Не стоит подробно останавливаться на их жизни в эти полгода. За чудовищной оградой спокойно жили только бесчисленные паразиты. Извне не поступало никаких новостей. Они питались своими мыслями, так что вид ящерицы на стене становился поводом для восхищения. По ночам их жалили скорпионы, время от времени избивали тюремщики.
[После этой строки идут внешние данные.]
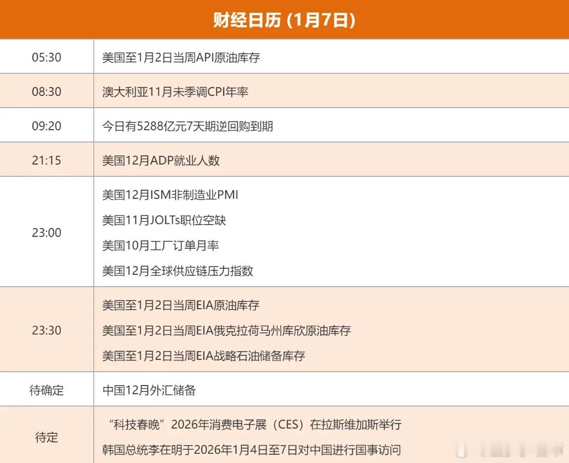 1.7股市早知道:1、外盘汇总:继续涨,道指继续历史新高,如图一。 2、交易提示:无。 3、财经日历:如图二。 4、三大指数:1)大盘:继续看涨2)创指:新目标34703)科创50:先看1500,再看1588 5、重要新闻:1)市场监管总局就《乳制品生产许可审查细则(征求意见稿)》公开征求意见;2)生态环境部:“十五五”时期将推动200个左右城市开展“无废城市”建设;3)水利部:2026年要加快建设现代化水网,夯实农业农村现代化水利基础。 6、市场动态:1)2025年A股新开户数2744万户,同比增10%;2)中证指数:将芯源微调入中证500,华大智造调入中证A500;3)贵州:完善峰谷电价与推动储能参与市场,鼓励工商业配置储能。 7、公司公告:1)金风科技:对蓝箭航天的持股作为非上市权益工具的投资;2)恒宝股份:控股股东钱京拟减持不超3%公司股份;3)东方中科:股东大连金投拟减持不超3%股份;4)盛科通信:第二大股东大基金拟减持不超3%股份;5)利尔化学:2025年净利同比预增113.62%-132.19%;6)三博脑科:目前不涉及脑机接口产品的研发、生产及销售;7)上峰水泥:拟出资9000万元与兰璞创投合作成立私募,投向半导体材料、设备及零部件等硬科技领域;8)药明康德:第三大股东、第四大股东、第六大股东等18家股东2025年11月20日至2026年1月5日期间累计减持2%公司股份。(关注点赞+评论,陪你一起到牛市)今日A股优质财经分享财经

Они жили во власти капризов Идриса-эс-Саира и Небби Хиддра, который жаловался на них калифу именно тогда, когда Идрис больше всего нуждался в деньгах для своей голодающей семьи. Калиф присылал к ним людей, чтобы обратить в единственную истинную религию; и оба узника с нетерпением ждали долгих богословских споров. Иногда их освобождали от самых тяжелых кандалов и позволяли спать на открытом воздухе, или вдруг, без причины, лишали этих привилегий, и они боролись за жизнь в «Доме камня».
Полгода подошли к концу. Начался седьмой, и даже через две недели мальчик, приносивший еду Фирвершему, не мог обрадовать их известием, что Абу Фатма вернулся.
— Он никогда не появится, — сказал Тренч в отчаянии.
— Обязательно появится, если он жив, — сказал Фивершем. — Но жив ли он?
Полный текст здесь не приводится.